Your Implementation Checklist: From Zero to Audit-Ready

Tick each item as you complete it. The docked progress bar updates automatically and your progress is saved in the browser (localStorage).

Step 1: Collect (The Foundation)

Step 2: Assess (The Risk Analysis)

Step 3: Protect (Implementation & Processes)

Documentation

Engineering Processes

Legal & Team Alignment

FAQ: Common Questions for GPAI Deployers

To conclude, here are answers to the most frequent questions teams face when deploying General-Purpose AI (GPAI) systems. These are practical, engineering-first explanations designed to help you pass procurement, reduce risk, and stay audit-ready.

What are a deployer’s obligations under the EU AI Act when using a GPAI API from OpenAI, Meta, or Mistral? #

Your primary obligation is to exercise due diligence. Under the EU AI Act, liability is shared: the provider is responsible for the foundational model, and you—the deployer—are accountable for its application. In practice, you must:

  • Conduct vendor due diligence by collecting and assessing documentation (e.g., Model Card, Training Data Summary).
  • Map the model’s intended purpose to your specific use-case and document your risk assessment.
  • Maintain an internal Evidence Pack that records processes and decisions.
  • Implement technical compensating controls (monitoring, rollbacks, version pinning, HITL where required).
How do we pass an enterprise procurement or security questionnaire?
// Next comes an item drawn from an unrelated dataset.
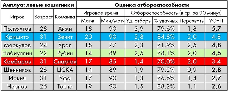 Набиуллин в рамках своего амплуа имеет неплохую оборонительную статистику. Он в пятерке лучших в лиге по отборам, перехватам и заблокированным передачам. При этом нельзя сказать, что его цифры космические. Ниже в таблицах представлены показатели левых защитников, отыгравших в своих клубах не менее 14 матчей преимущественно на этой позиции.

Is there a vendor due-diligence checklist? #

Yes. The 7-point audit in Step 2 of this guide is your vendor due-diligence checklist. To pass procurement, prove that you run a managed process. Your Evidence Pack should include:

  • A completed risk_table.xlsx with your OK / Partial / GAP assessment.
  • Your model_use_note.md defining the use-case and its boundaries.
  • Proof of safeguards in methods.md (e.g., version pinning, staged rollout, monitoring).
  • A concise, non-sensitive public_summary.md for non-technical stakeholders.
Is it enough that our company is outside the EU and our provider is compliant? #

No. The EU AI Act has extraterritorial reach and uses a principle of shared responsibility. If your service is available to users in the EU, the act likely applies. You cannot inherit a provider’s compliance. You must perform your own risk assessment for the specific application and demonstrate control over the system.
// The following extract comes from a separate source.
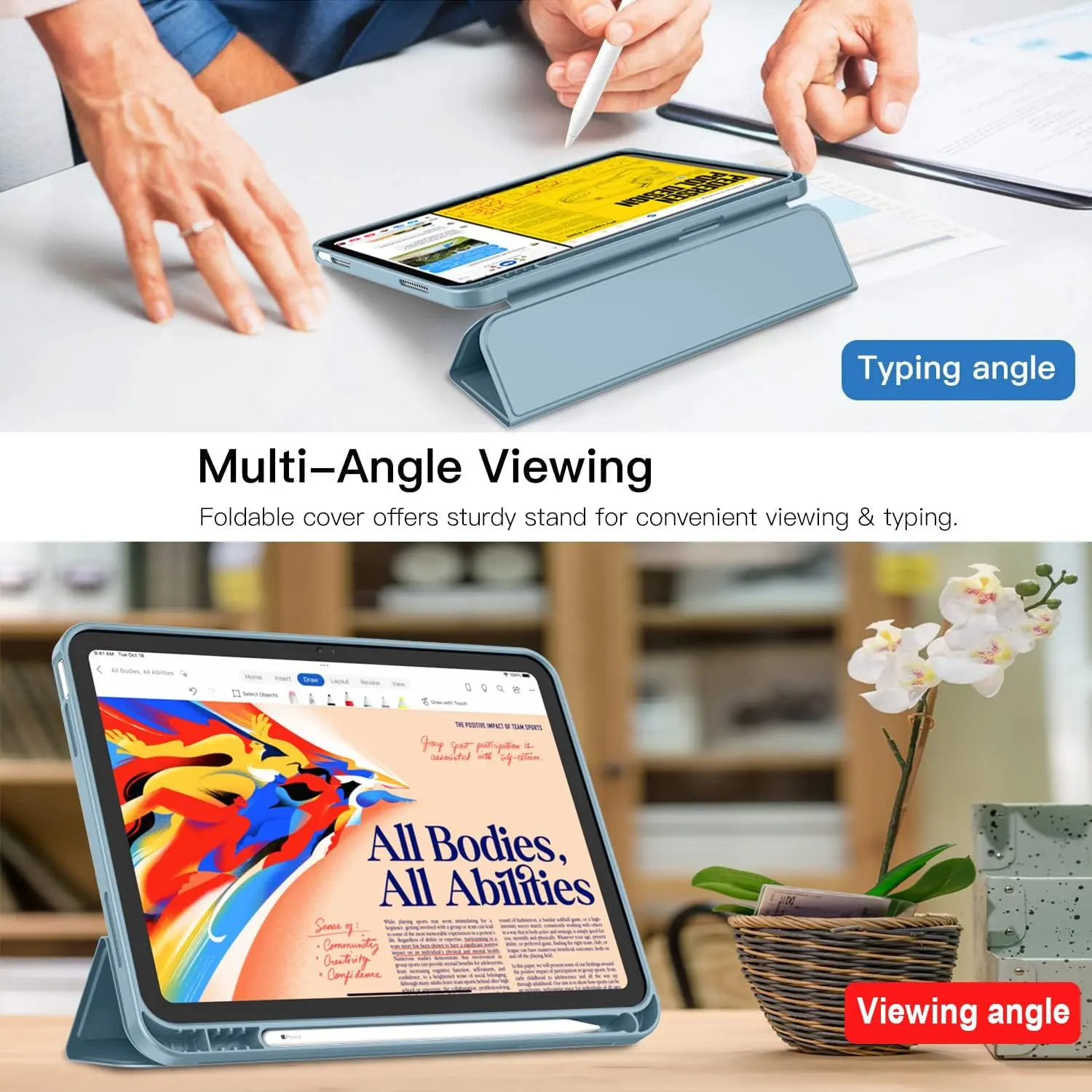 iMieet Case for New iPad 10.9 Inch (10th Gen, 2022) - Trifold Stand with Pencil Holder, Soft TPU Back, and Auto Wake/Sleep (Light Blue)

How can we maintain public transparency without exposing our intellectual property (IP)? #

The golden rule: disclose processes, not secrets. Split transparency into public vs. internal layers:

  • Public: Share categories of data (as stated by the vendor) and confirm the existence of controls (monitoring, HITL, rollback). Avoid specific metrics, prompt designs, or thresholds.
  • Internal: Keep full details—risk analysis, thresholds, test cases, prompt templates—in your Evidence Pack.

This aligns with GPAI transparency expectations while protecting your IP.

What should we do if a provider doesn’t respond or has no Model Card? What about OSS/RAG systems? #

Your actions become part of your due diligence.

For commercial APIs:

  • Log everything: Record requests and follow-ups in the Evidence Pack.
  • Mark GAPs: Note the lack of response or artifacts in risk_table.xlsx.
  • Implement compensating controls: mandatory HITL for sensitive cases, strict version pinning, tighter monitoring and alerts.

For OSS / RAG systems: you effectively become the provider. Your Evidence Pack must include your own model_use_note.md, a license ledger for every source, a data manifest proving provenance, and evidence that you respect TDM opt-out signals.